» What the task requires
Nothing but the lines below from the first through the one with "The Most Popular" should appear, printed exactly; please leave pictures out.

» Entries shown
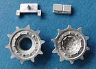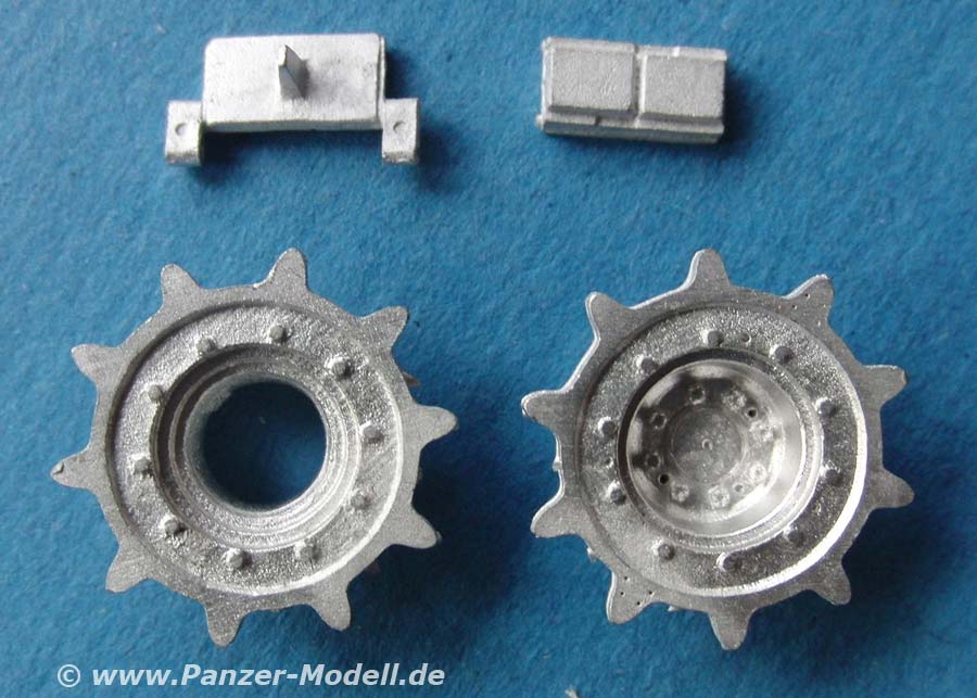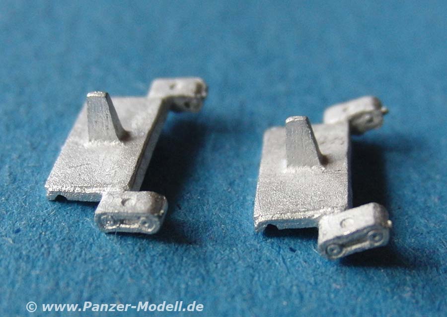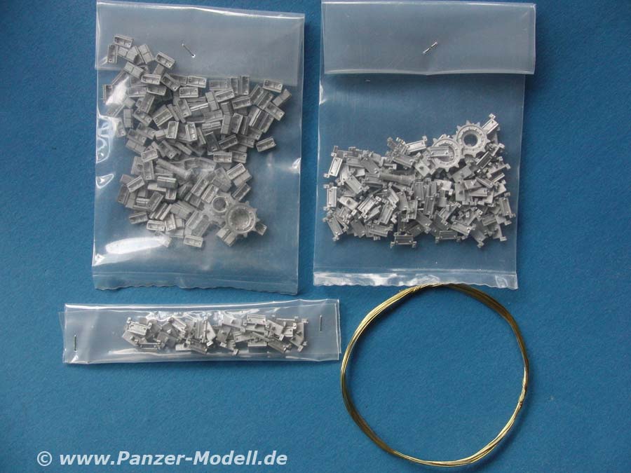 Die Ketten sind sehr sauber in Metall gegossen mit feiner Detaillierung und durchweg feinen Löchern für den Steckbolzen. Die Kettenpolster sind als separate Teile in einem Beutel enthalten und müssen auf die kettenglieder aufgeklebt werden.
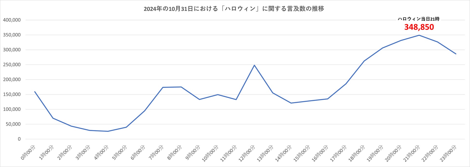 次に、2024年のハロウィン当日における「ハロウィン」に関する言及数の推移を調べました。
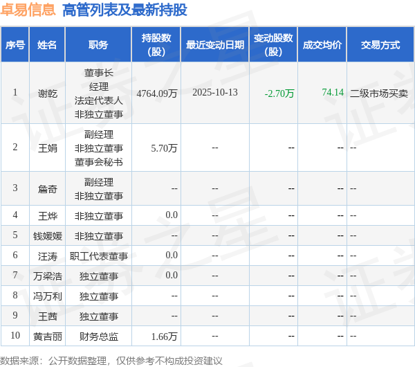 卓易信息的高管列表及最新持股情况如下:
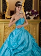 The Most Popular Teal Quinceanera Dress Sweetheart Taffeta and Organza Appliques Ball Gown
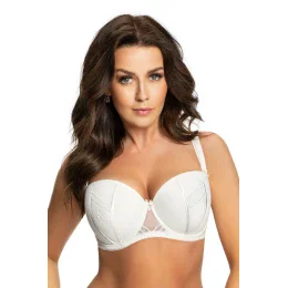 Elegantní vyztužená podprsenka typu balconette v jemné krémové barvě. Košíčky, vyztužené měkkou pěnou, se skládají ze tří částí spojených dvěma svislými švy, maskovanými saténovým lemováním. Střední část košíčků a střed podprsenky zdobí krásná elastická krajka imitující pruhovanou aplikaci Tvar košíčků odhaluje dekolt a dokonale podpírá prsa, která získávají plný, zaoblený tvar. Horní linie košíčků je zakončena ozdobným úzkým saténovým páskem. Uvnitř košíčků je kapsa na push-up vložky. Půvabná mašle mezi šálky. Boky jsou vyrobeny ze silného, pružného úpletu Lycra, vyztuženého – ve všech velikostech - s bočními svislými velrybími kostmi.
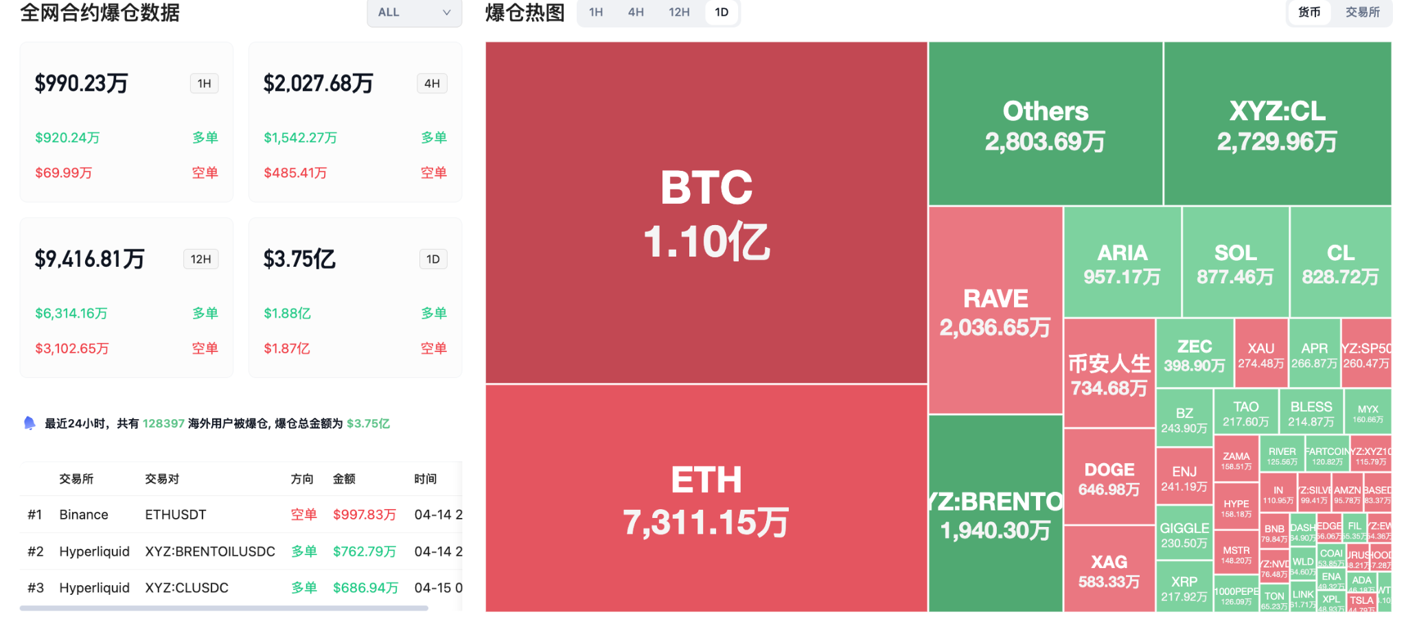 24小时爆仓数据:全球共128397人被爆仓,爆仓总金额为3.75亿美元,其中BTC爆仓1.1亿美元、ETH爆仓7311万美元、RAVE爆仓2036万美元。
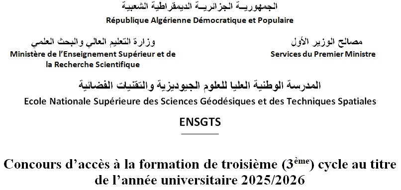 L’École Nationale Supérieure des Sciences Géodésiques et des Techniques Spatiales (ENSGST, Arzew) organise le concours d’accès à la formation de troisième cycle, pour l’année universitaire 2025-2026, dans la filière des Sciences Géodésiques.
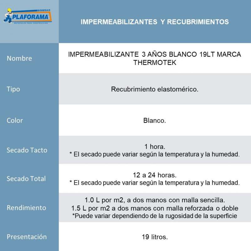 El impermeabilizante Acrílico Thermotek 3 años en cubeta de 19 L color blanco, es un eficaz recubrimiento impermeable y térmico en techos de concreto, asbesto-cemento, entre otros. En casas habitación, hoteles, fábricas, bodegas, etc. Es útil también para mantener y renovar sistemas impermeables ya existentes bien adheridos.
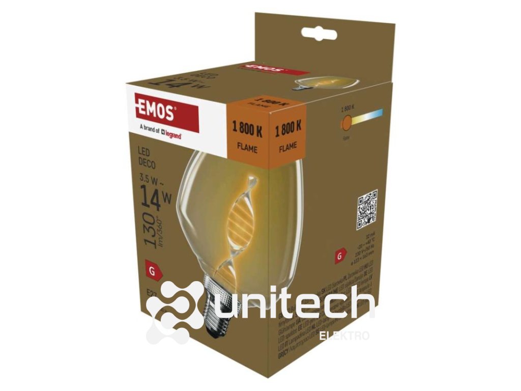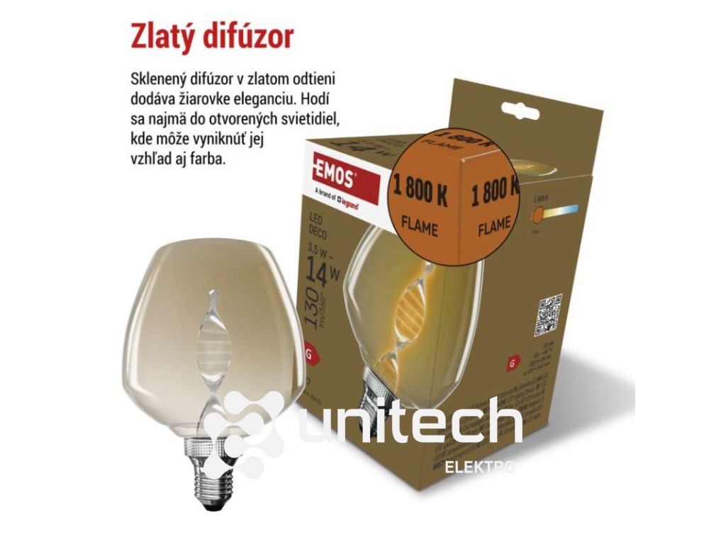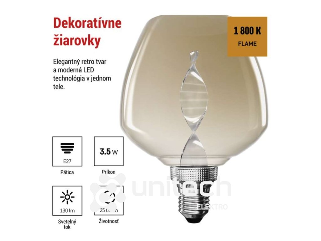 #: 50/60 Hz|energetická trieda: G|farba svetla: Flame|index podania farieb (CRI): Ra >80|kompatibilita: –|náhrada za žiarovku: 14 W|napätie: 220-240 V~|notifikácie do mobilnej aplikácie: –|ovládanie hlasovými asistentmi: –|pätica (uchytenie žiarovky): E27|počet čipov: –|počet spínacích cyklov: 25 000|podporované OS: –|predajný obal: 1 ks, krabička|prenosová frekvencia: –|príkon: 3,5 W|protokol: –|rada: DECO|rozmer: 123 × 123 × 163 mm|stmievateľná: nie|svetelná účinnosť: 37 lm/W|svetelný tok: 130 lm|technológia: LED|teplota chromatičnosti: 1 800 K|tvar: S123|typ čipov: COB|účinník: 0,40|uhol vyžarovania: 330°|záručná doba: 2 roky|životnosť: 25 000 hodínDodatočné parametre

» Solution to this exercise
 Die Ketten sind sehr sauber in Metall gegossen mit feiner Detaillierung und durchweg feinen Löchern für den Steckbolzen. Die Kettenpolster sind als separate Teile in einem Beutel enthalten und müssen auf die kettenglieder aufgeklebt werden.
 次に、2024年のハロウィン当日における「ハロウィン」に関する言及数の推移を調べました。
 卓易信息的高管列表及最新持股情况如下:
 The Most Popular Teal Quinceanera Dress Sweetheart Taffeta and Organza Appliques Ball Gown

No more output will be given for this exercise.